Research on MOSFET devices is being developed continuously to get much smaller devices and higher performance. In the integrated circuit such as microprocessor from the latest technology, there are two millions until nine millions of MOSFETs. So, computer and electronics technology are depend on MOSFET technology.

MOSFET is a four terminals device: drain, gate, source and base. This simulation modeled n-MOSFET (MOSFET with n-channel). The operation of this device is based on n-channel that formed in the p-type semiconductor substrate. n-MOSFET devices consist of p-type semiconductor substrate and two region of highly doped n-type semiconductor on source and drain contacts. Metal contact on oxide region is called gate contact. A middle part of this device is identical with MOS diode.

From this simulation, we get the potential distribution, electric field distribution and I-V characteristic. Finite-Difference method is used to simulate this device, from Poisson equations and semiconductor equations. This simulation result is very important part to design n-MOSFET in electronics industry.

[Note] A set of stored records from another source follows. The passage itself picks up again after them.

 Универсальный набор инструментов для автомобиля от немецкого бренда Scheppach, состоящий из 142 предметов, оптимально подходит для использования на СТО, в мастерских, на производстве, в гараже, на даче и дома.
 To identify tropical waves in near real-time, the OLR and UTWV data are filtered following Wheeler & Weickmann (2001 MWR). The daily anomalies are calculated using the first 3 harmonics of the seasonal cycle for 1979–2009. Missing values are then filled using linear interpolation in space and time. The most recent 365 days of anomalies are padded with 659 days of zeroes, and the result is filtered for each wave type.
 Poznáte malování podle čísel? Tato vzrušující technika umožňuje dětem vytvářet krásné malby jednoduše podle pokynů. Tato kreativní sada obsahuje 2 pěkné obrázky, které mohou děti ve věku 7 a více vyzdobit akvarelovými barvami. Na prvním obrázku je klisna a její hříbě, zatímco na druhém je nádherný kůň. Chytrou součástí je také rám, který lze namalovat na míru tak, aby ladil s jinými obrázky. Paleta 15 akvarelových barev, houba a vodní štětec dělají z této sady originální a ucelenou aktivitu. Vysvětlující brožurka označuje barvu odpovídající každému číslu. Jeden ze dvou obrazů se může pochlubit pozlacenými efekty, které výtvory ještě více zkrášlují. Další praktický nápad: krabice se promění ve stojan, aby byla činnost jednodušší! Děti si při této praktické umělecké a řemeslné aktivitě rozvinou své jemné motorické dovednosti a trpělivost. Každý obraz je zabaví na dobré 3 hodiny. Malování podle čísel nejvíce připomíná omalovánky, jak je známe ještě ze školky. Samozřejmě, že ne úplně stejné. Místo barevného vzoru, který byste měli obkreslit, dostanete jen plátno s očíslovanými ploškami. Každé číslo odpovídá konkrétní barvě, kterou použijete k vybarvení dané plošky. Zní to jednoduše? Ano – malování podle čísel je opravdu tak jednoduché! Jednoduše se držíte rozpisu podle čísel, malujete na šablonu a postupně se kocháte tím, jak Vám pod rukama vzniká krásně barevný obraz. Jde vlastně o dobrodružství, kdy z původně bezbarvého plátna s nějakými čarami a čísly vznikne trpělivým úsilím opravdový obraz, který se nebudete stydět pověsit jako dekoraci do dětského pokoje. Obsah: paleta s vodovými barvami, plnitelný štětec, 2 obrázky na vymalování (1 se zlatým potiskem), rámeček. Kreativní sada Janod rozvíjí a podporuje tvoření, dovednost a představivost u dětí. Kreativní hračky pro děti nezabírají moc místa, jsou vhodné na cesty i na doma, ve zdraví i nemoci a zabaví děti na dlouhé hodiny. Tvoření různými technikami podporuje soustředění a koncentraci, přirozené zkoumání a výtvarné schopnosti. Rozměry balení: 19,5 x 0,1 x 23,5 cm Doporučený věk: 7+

This simulation conclude that to design a high performance of n-MOSFET, we have to concern a lot to many parameters, such as: electron doping concentration, hole doping concentration, channel length, and also biased voltage through devices in the operation. From all these parameters we can build n-MOSFET design with desired characteristic. Current leakage, current amplifying, and changes on depletion region also analyzed by this simulation.